愛染堂・大会堂・三昧堂・西行桜(壇場伽藍)


根本大塔の東側、少し低くなった所に3つのお堂が並んでいます。後醍醐天皇が建てた愛染堂、そして西行にゆかりの大会堂と三昧堂です。大会堂と三昧堂の間には、「西行桜」と呼ばれる桜の木もあります。

大会堂(壇場伽藍)の地図- 高野山名所図会


>

愛染堂

一番手前(西側)が愛染堂(あいぜんどう)で、本尊は恋愛を司る仏、愛染明王です。

愛染堂(壇場伽藍、壇上伽藍)の写真- 高野山名所図会



この愛染明王は、鎌倉幕府を倒して建武の新政を始めた後醍醐天皇(1288-1339年)の等身大と言われています。

後醍醐天皇は新政を始めたばかりの建武元年(1334年)に、天下泰平と朝廷の繁栄を願ってここに愛染堂を建立させました。しかしその願いはかなわず、わずか2年後、南北朝時代という朝廷にとって最悪の乱世が始まってしまいます。

現在の建物は、江戸時代末期の嘉永元年(1848年)に再建されたものです。

大会堂

愛染堂の隣にあるやや大きなお堂は、阿弥陀如来を本尊とする大会堂(だいえどう)です。

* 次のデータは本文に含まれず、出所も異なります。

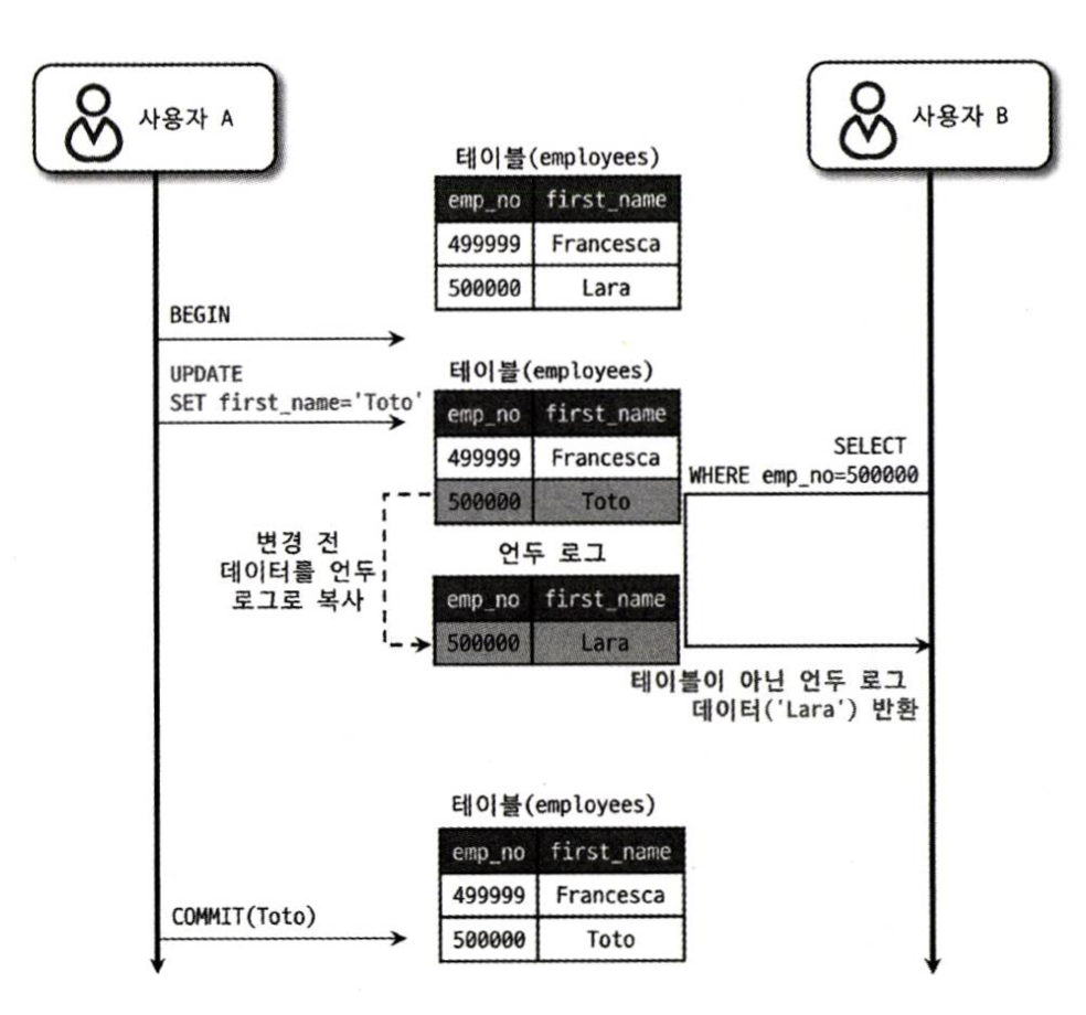 - 모든 트랜잭션은 고유한 트랜잭션 번호를 가지고 있으며, 언두 영역에는 백업된 레코드에 변경을 발생시킨 트랜잭션의 번호가 포함되어 있음.

大会堂(壇場伽藍、壇上伽藍)の写真- 高野山名所図会



大会堂の前身は1175年(安元元年)、鳥羽法王の第7皇女である頌子内親王(五辻斎院)が願主となり、鳥羽法王の菩提を弔うために創建した「蓮華乗院」です。

蓮華乗院の造営にあたっては、歌人の西行が奉行となり、勧進を勤めました。西行は出家前、頌子内親王の祖父・徳大寺実能の家人であり、鳥羽法皇の北面の武士でもありました。

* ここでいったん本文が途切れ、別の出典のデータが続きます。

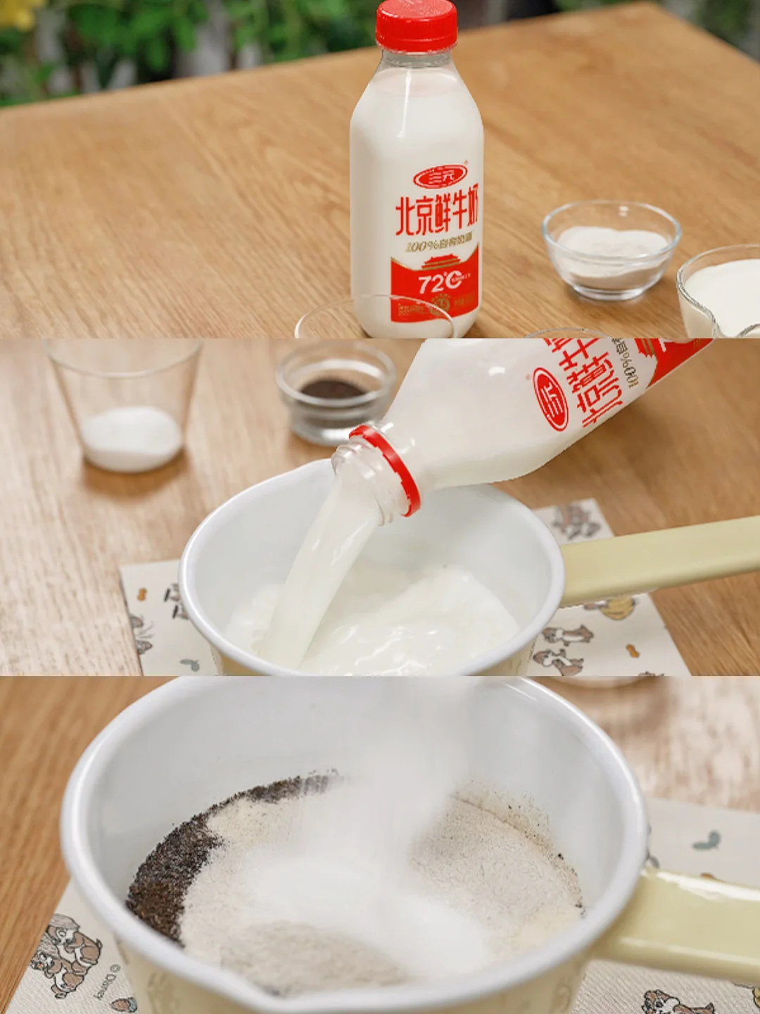 三元北京鲜牛奶和红茶咸奶茶粉一起加热至沸腾,盖盖焖出茶香味。

もとは東別所(刈萱堂の辺り)に建てられましたが、1177年(治承元年)にこの場所に移築されました。その後、高野山から分派して対立していた根来寺(新義真言宗・大伝法院方)と和解するための談義の場としても使われました。

大会堂(壇場伽藍、壇上伽藍)の写真- 高野山名所図会



現在の建物は江戸時代末期・嘉永元年(1848年)の再建で、法会の際の集会所となっています。

三昧堂

大会堂の東には、三昧堂(さんまいどう)という小さなお堂が建っています。

高野四郎(壇場伽藍、壇上伽藍)の写真- 高野山名所図会



もとは平安時代中期の延長7年(929年)、高野山の座主・済高(さいこう)が、「理趣三昧」という儀式のために建てたお堂です。

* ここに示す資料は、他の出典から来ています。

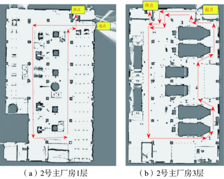 (1)在測試路線中選擇用于定位測試的關(guān)鍵點(diǎn)位,1~6層共111個(gè)測試點(diǎn)位。其中1層和3層關(guān)鍵點(diǎn)位標(biāo)識如圖13所示,記錄所有測試點(diǎn)位的實(shí)際位置坐標(biāo)。
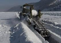 Третья попытка иркутских дорожников обустроить безопасную ледовую дорогу между материком и самым бол...

当初は総持院にありましたが、平安時代末期にこの場所に移築されました。この移築にも、隣の蓮華乗院(大会堂)の奉行だった西行が関わったと伝えられています。 現在の建物は、江戸時代後期、文化13年(1816年)の再建です。

西行桜

大会堂と三昧堂の間にある桜は「西行桜」と呼ばれています。

高野四郎(壇場伽藍、壇上伽藍)の写真- 高野山名所図会



鳥羽法皇の北面の武士だった西行は出家後、高野山に深く関わるようになりました。

ここには、西行が三昧堂の移築・修造をした際の記念に桜を植えたと伝わっています。その桜は三昧堂が再建された文化年間(江戸時代後期)に枯れてしまいましたが、後継の桜として植えられています。